“This suggests that there is an advantage to these mutations,” says Stephen Golstein, an evolutionary virologist who studies coronaviruses at the University of Utah. Each SARS-CoV-2 variant “wants to be more transmissible” in a sense. So the fact that so many of them land on these mutations suggests that there could be a real benefit in this regard. These different lines come to essentially the same solution for how to interact more effectively with the human receptor, ACE2. ”
Like any virologist, Goldstein is reluctant to anthropomorphize his subjects. Viruses do not have dreams and desires. They are intelligent micro-machines programmed to make as many copies of them as possible. But one way to do this is to increase their chances of invading new hosts. SARS-CoV-2 does this by guiding the range of spike proteins that cover its outside to a protein called ACE2 that is on the outside of human cells. The peak is encrusted in sugars that camouflage the virus from the human immune system, except for the tip, known as the receptor binding domain, or RBD for short. This exposed section is the part that locks on ACE2, changing the shape of the receptor – like a key that rearranges the glasses inside a lock – and allows the virus to enter the cell and begin to replicate.
The mutations that scientists are so worried about appear in that little exposed peak. And now researchers are struggling to find out how each of them could offer SARS-CoV-2 some new tricks.
There is N501Y, a mutation that occurs in all three variants, which replaces the 501st amino acid of the coronavirus, asparagine, with tyrosine. Studies in cells and animal models suggest that the change makes it easier for SARS-CoV-2 to pick up ACE2, which is a hypothesis as to why the variant was, at this time, quite convincingly associated with increased transmission. The best proof of that so far came out of Britain, which does more genomic sequencing than any other country in the world. Scientists estimate that the British version, known as B.1.1.7, is 30-50% more infectious than other circulating strains.
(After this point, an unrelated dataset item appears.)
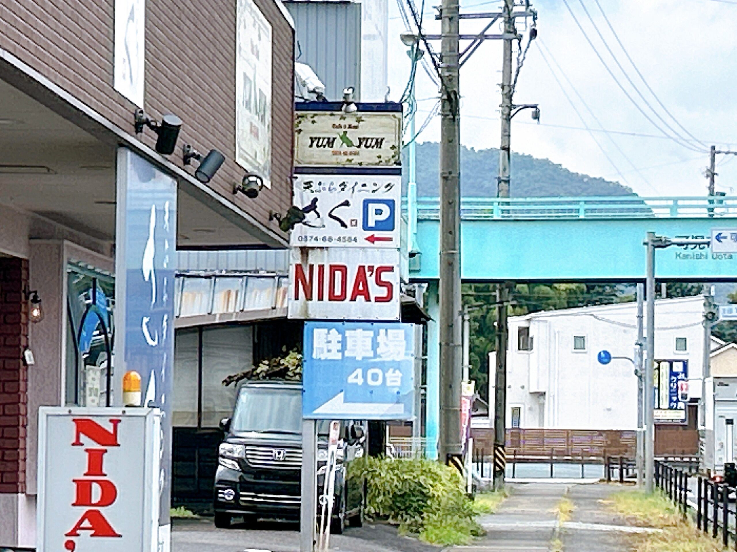 さくさんの正面、県道84号線は比較的交通量も多い道路のようです。

In Ireland, it became the dominant version of the virus in just a few weeks and has since spread to more than 60 countries, including the United States. As of Tuesday, the US had detected 293 cases of the British variant, according to data from the US Centers for Disease Control and Prevention. The agency estimates that it will become dominant in the US by March.
A Brazilian variant, also called P1, and the South African variant, sometimes called B.1.351, have a second and third mutation in common: K417T and E484K. At this point, scientists know more about the latter. Replace an amino acid that has been negatively charged with a positively charged one. In variants without this mutation, that section of the RBD is opposite a negatively charged stretch of ACE2, so they repel each other. But the E484K mutation reverses that load, causing it to cling tightly.
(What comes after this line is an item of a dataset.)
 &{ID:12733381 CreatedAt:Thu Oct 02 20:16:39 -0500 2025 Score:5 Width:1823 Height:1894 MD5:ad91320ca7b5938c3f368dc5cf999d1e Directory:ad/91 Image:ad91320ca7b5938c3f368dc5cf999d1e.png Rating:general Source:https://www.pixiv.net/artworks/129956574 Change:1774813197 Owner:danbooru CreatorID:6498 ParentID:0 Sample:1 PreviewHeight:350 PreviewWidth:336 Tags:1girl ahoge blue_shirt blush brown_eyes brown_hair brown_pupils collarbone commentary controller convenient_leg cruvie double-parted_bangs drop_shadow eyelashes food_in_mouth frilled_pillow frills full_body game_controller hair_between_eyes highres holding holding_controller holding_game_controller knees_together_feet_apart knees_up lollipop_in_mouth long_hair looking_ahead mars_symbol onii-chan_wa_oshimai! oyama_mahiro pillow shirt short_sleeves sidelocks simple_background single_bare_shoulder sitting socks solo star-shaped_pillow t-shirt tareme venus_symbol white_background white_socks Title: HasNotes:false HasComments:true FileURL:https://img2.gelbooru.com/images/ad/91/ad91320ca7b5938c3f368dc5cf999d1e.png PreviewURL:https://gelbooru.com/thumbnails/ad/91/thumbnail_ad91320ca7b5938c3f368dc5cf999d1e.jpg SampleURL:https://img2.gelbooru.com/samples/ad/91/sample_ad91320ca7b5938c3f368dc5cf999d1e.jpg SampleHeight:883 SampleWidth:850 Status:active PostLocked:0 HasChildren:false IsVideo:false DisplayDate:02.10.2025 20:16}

On Monday, Minnesota reported the first US case of the Brazil variant, but so far no cases of the South African variant in the USA have been confirmed.
Scientists at the Fred Hutchinson Cancer Research Center have found that E484K may be the most important change when it comes to improving the virus’s ability to evade immune defense. In laboratory experiments, they observed that the antibodies in the blood of patients with recovered Covid-19 were 10 times less effective in neutralizing variants possessing the E484K mutation. In a separate study, some of De Oliveira’s colleagues tested the blood of patients with Covid-19 who became ill in the first wave in South Africa and found that 90% of them had reduced immunity to the new variant. containing E484K. In almost half of the samples, the new variant completely got rid of the pre-existing antibodies. Another study by another colleague in South Africa, this time using the live virus, found similar results. (All are shared as prepresses – none of which have yet been evaluated by colleagues, as was commonplace in Covid’s time.)